- **SOURCE MATERIAL**

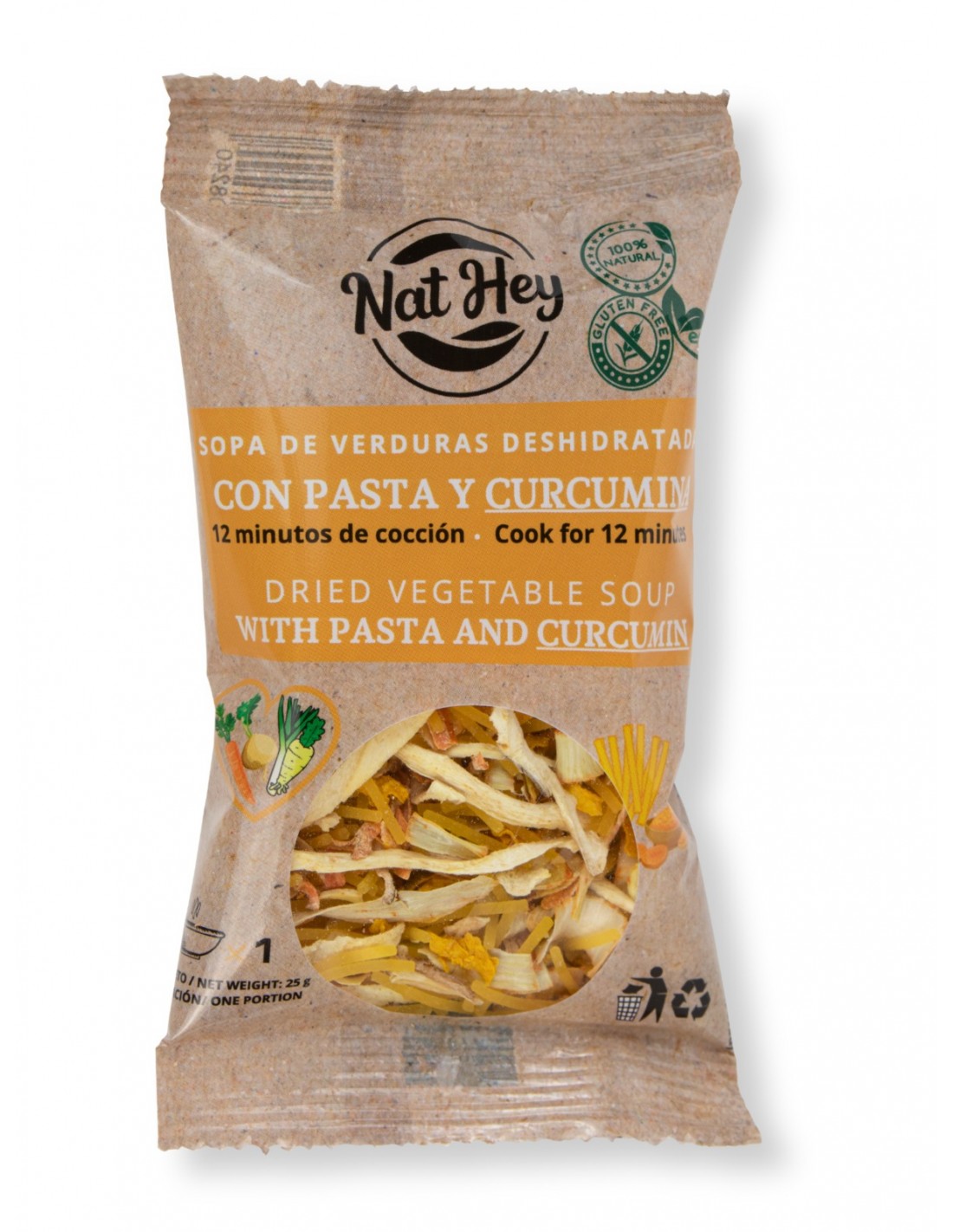 Pasta de harina de maíz y arroz, zanahoria, puerro, chirivía, nabicol, pimentón y curcurina.
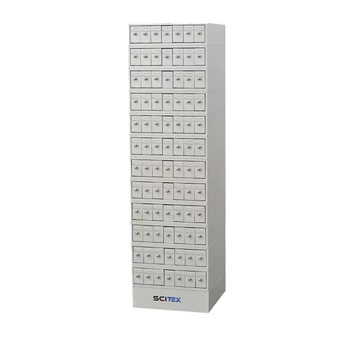 The SCITEK Slide Cabinet SC-101 / SC-101L is designed for safe and efficient storage of a large number of microslides in laboratory and academic environments. The body is made of sturdy metal with a powder-coated finish, providing excellent corrosion resistance and durability.
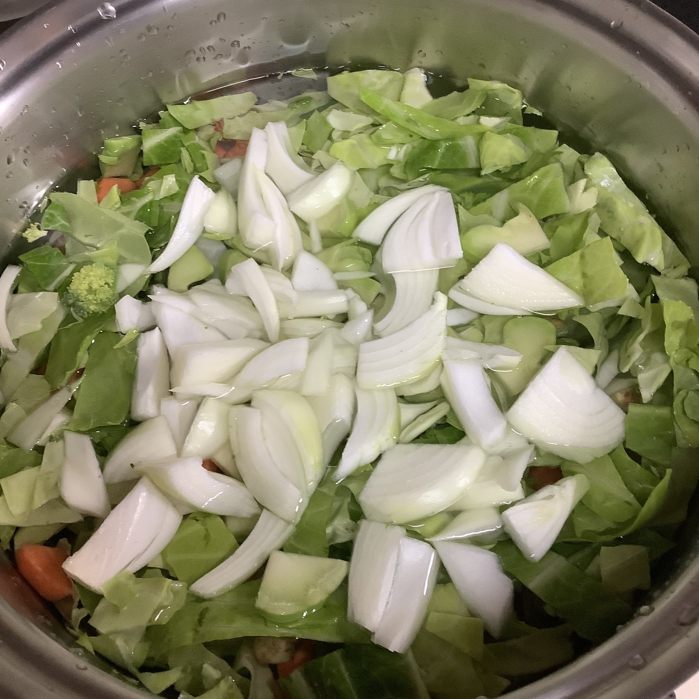 いっぱいの野菜を煮込んだ野菜だけスープよ。なんでもかんでも切り刻んでぶち込んで大量に作っておくのよ。冬なら4日間ぐらい冷蔵庫に入れなくても大丈夫だし。

- **EXERCISE REQUIREMENTS**
With the pictures removed, return the full listing exactly as given.

- **RESULT FOR THIS EXERCISE**
 Pasta de harina de maíz y arroz, zanahoria, puerro, chirivía, nabicol, pimentón y curcurina.
 The SCITEK Slide Cabinet SC-101 / SC-101L is designed for safe and efficient storage of a large number of microslides in laboratory and academic environments. The body is made of sturdy metal with a powder-coated finish, providing excellent corrosion resistance and durability.
 いっぱいの野菜を煮込んだ野菜だけスープよ。なんでもかんでも切り刻んでぶち込んで大量に作っておくのよ。冬なら4日間ぐらい冷蔵庫に入れなくても大丈夫だし。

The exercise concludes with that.